Он никуда не хотел бежать, он замер в ожидании так же, как и Ллойд — от Ллойда зависело, закончится ли когда-нибудь эта бесполезная война.
Прощай, оружие. Прощай, война. Фредерик Генри и Кэтрин Баркли никогда не хотели войны, они хотели любить, и Айзек цеплялся за эту идею, которую шестнадцатилетний Ллойд никогда не видел.
Любви не было места ни раньше, ни сейчас. Это не чёрствость, это такая жизнь.
У бензоколонки Айзек спросил, интересуясь искренне:
— Чем будешь заниматься потом?
Друг от друга их отделял шланг от колонки к бензобаку, изогнутой толстой змеёй. Резко пахло бензином; солнце почти скрылось, холодало.
Как можно ответить на подобный вопрос, если не знаешь, что будет утром?

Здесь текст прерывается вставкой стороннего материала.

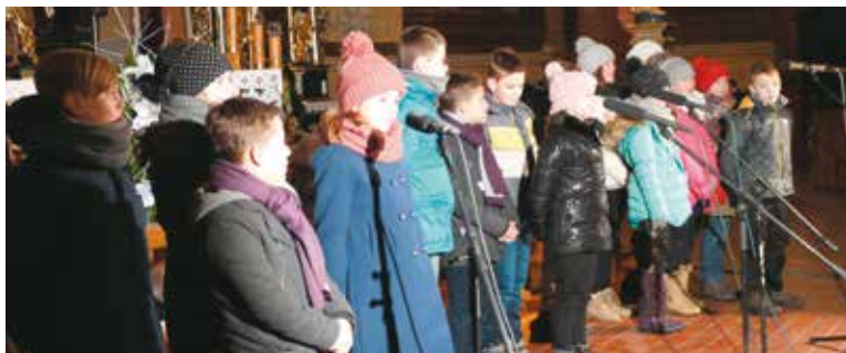
Zespół z SP Bralin w kategorii klas IV-VI zajął III miejsce

Zanim jednak mogła się odbyć gala laureatów festiwalu jeszcze w grudniu poprzedniego roku przeprowadzone zostały eliminacje i wyłoniono zwycięzców. Eliminacje odbyły się 15 grudnia 2016 r. w świetlicy „Tęcza” w Bralinie. Do konkursu przystąpili uczniowie z 16 szkół podstawowych z powiatu kępińskiego, m.in. uczniowie ZS w Łęce Mroczeńskiej, SP w Grębaninie, SP w Drozkach, ZS w Perzowie, SP w Buczku Wielkim, ZS w Nowej Wsi Książęcej, ZS w Laskach, SP w Opatowie, ZS w Łęce Opatowskiej, ZS w Trzciny, SP w Rychtalu, ZS w Donaborawie, SP w Hanulinie, SP w Krążkowach, ZS w Trębaczowie i SP w Bralinie. Wykonawców oceniało jury w składzie: ks. Jacek Paczkowski – doktor muzykologii Wyższego Seminarium Duchownego w Kaliszu, przewodniczący komisji muzyki i śpiewu kościelnego, Wiesława Opacka – instruktor z Wieruszowskiego Domu Kultury i Michał Zaczek – redaktor naczelny radia SUD. Po przesłuchaniach konkursowych jury wyłoniło zwycięzców, jednak kolejność miejsc dla uczestników została niespodzianką do 6 stycznia br. Dopiero podczas uroczystego koncertu galowego w sanktuarium Na Półku ogłoszone zostały pełne wyniki i wręczono nagrody, statuetki i dyplomy.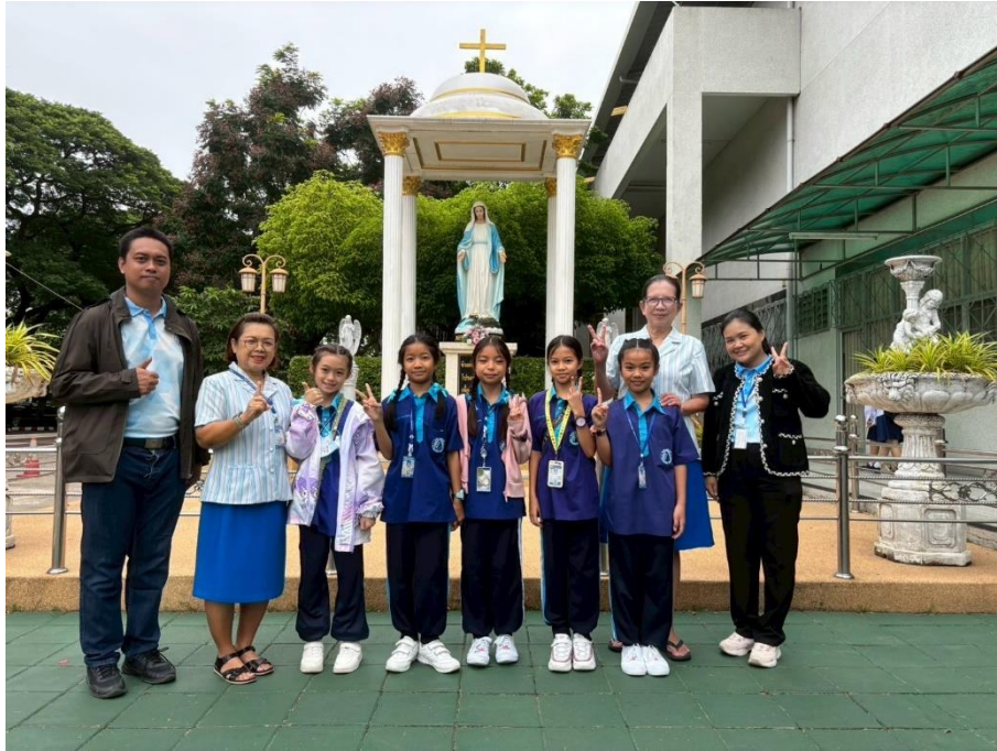
นำนักเรียนเข้าร่วมการอบรมโครงการค่ายผู้นำเยาวชน ที่ ไร่วนานุรักษ์ อำเภอวังน้ำเขียว จังหวัดนครราชสีมา เป็นเวลา 3 วัน 2 คืน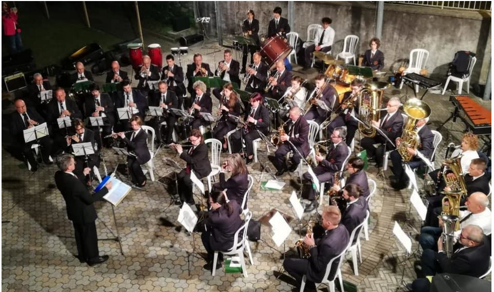
Filarmonica di Borgofranco d'Ivrea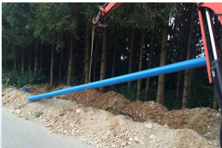
Transport in polaganje novih Ductil cevi v peščeno posteljico v jarek ob dovozni cesti

Obnova vodovoda farma-Repnje, odsek farma-regionalna cesta Vodice-Lj. Šmartno, 2. faza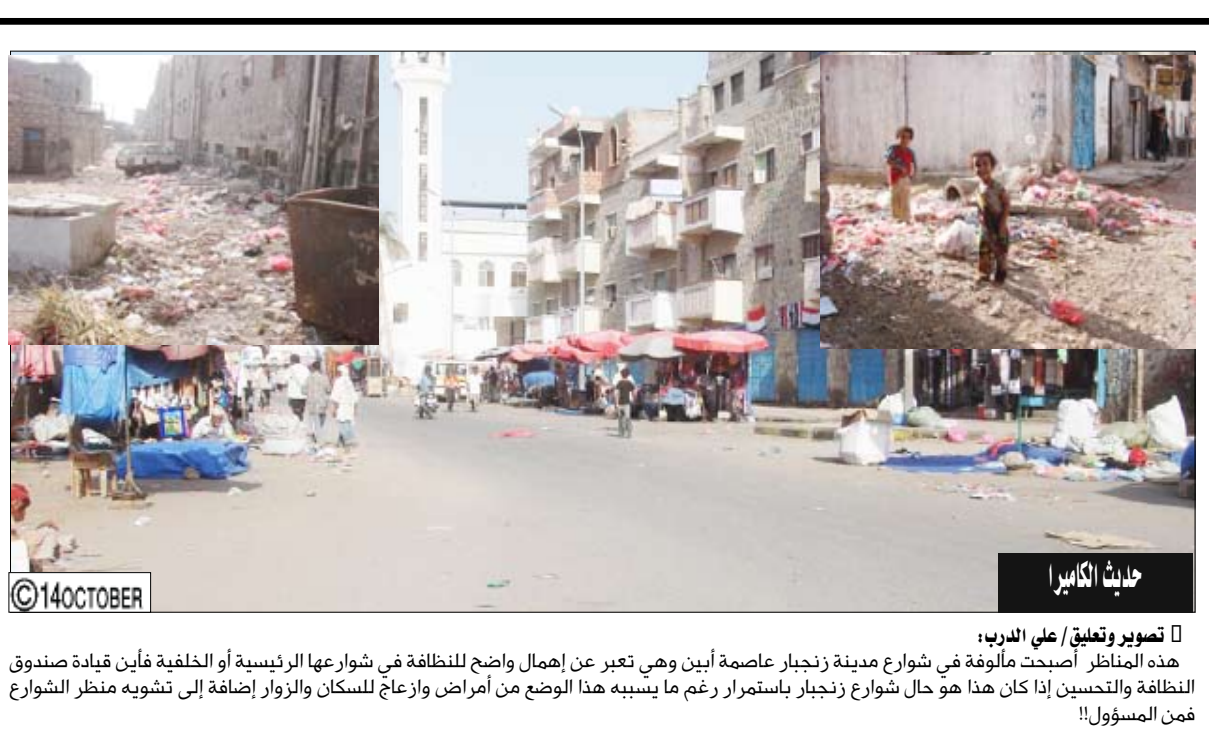
حادث الكابريا تصوير وتعليق / علي الدرب: هذه المناظر أصبحت مألوفة في شوارع مدينة زنجبار عاصمة أبين وهي تعبر عن إهمال واضح للنظافة في شوارعها الرئيسية أو الخلفية فأين قيادة صندوق النظافة والتجسس إذا كان هذا هو حال شوارع زنجبار باستمرار رغم ما يسببه هذا الوضع من أمراض وازعاج للسكان والزوار إضافة إلى تشويه منظر الشوارع فمن المسؤول!!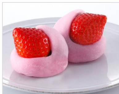
（粒あん・いちご外出し） <税込価格 248 円> 【発売日】 11月10日（木）～好評発売中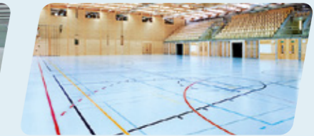
SWITZERLAND / TEUFEN SPORHALLE LANDHAUS LANDHAUS SPORTS HALL SALLE OMNISPORT DE LANDHAUS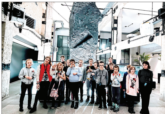
Wycieczka do Carbonarium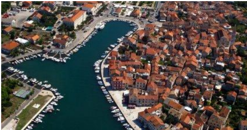
Slika 7: Prikaz luke Stari grad na Hvaru

Hvarska luka spada u one rijetke što ih se ljeti može prijeći s jedne strane na drugu, preko mora, po suhome. Preko brodica, dakako. Jer toliko je jahti i jahtica u njoj natisnuto u sezoni da se more i ne vidi. I sve buja od života. Tradicija uplovljavanja u hvarsku luku starija je od samoga grada Hvara jer su tu, zbog nautičkog položaja luke, zaklon tražili pomorci i ribari još iz doba staroga Pharosa. Hvar ih je kao svjetionik (što samo ime za cijeli otok na grčkome znači) vodio u prirodan zaklon od valova i vjetra. Od samih početaka plovidbe jedrenjaka današnji je Hvar bio u centru svih morskih putova.

— Я ликвидирую Кольта и вернусь в Пёсий Яр, — так обещала Эл, и так думал он сам.
Всё закончится, возвращаясь на свои круги, а об Ист-сайде будет напоминать лишь оставленная книга. Айзек наклонил голову и наклонился сам, корпусом облокачиваясь на дверь.
— Я имею в виду, глобально.
— Не знаю. Мне всё равно.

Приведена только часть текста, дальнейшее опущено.